B-200. Complete Genome Sequence of Finegoldia magna, an Opportunistic Pathogen in Gram-Positive Anaerobic Cocci

T. Goto1, A. Yamashita2, H. Hirakawa3, M. Matsutani3, K. Ohshima2,4, H. Toh2,5, K. Todo1, K. Miyamoto1, S. Kuhara3, M. Hattori2,4,5, T. Shimizu6, S. Akimoto1;
1Wakayama Med. Univ., Wakayama, JAPAN, 2Kitasato Univ., Kanagawa, JAPAN, 3Kyushu Univ., Fukuoka, JAPAN, 4Univ. of Tokyo, Chiba, JAPAN, 5RIKEN Genomic Sci. Ctr., Kanagawa, JAPAN, 6Kanazawa Univ., Ishikawa, JAPAN.

Background: Finegoldia magna (formerly Peptostreptococcus magnus) is a member of the Gram-positive anaerobic cocci (GPAC), a major part of the normal human flora. F. magna is also recognized as an opportunistic pathogen responsible for various infectious diseases such as diabetic foot infections. Here, we report the complete genome sequence of F. magna ATCC 29328, originally isolated from an abdominal wound.
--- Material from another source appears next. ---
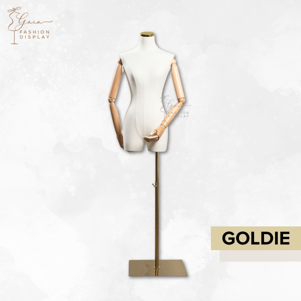 Patung Manekin kuning mengkilapIE Manekin DM Topi kuning mengkilap Tangan Robot Kayu Asli Dm Cewek Tiang Besi kuning mengkilap - BH
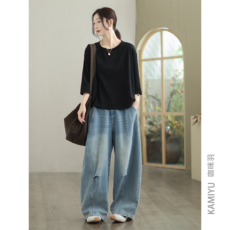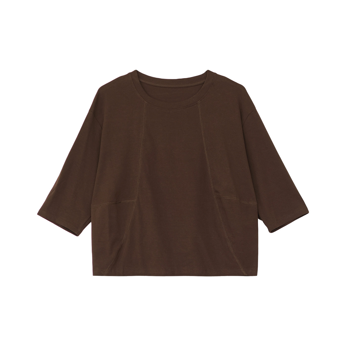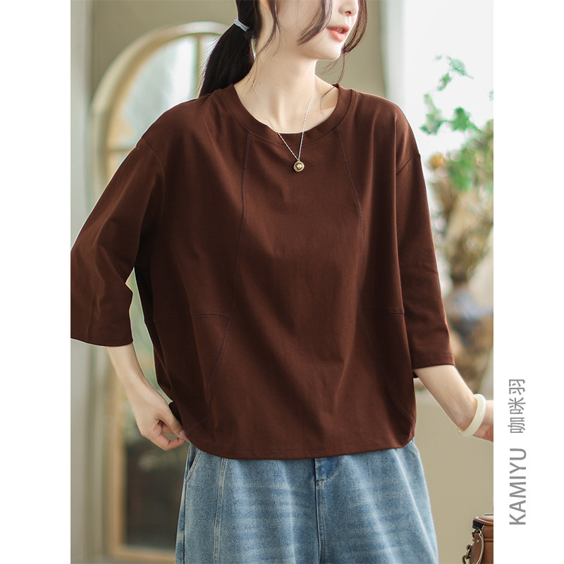 咖咪羽韩版文艺简约纯色拼接圆领七分袖设计感宽松大码全棉T恤女

Methods: The nucleotide sequence was determined by a whole-genome shotgun strategy. Protein coding regions were identified using GenomeGambler 1.51, CRITICA, GeneHacker, and Glimmer 2.0 programs. The characteristic motifs in all protein-coding sequence were detected by the Pfam, COGs, PSORT, and SignalP analyses. Sortase homologs and their substrates from the ATCC 29328 genome were identified in silico according to methods described by Comfort D et. al. (Infect. Immun., 72, 2710-2722, 2004). Results and Discussion: The ATCC 29328 genome consists of a 1,797,577-bp circular chromosome and an 189,163-bp plasmid, possessing 1,631 and 182 protein-coding genes, respectively (See accession nos. AP008971 and AP008972 in the GenBank database). The metabolic maps constructed based on the genome information confirmed that most F. magna strains cannot ferment most sugars, except fructose. The chromosome encodes three homologs of albumin-binding protein, a known virulence factor useful for antiphagocytosis. Interestingly, the plasmid also encodes one albumin-binding protein homolog with two albumin-binding modules. A unique feature of the genome is that F. magna encodes many sortase genes, of which substrates may be involved in bacterial pathogenesis, such as antiphagocytosis and adherence to the host cell. The plasmid encodes seven sortase and seven substrate genes, whereas the chromosome encodes four sortase and 19 substrate genes. These plasmid-encoded sortases may play important roles in the pathogenesis of F. magna by enriching the variety of cell wall anchored surface proteins. This is the first complete genome sequence among GPAC, and we believe our data will be of great use for genetic studies of other GPAC as well as F. magna.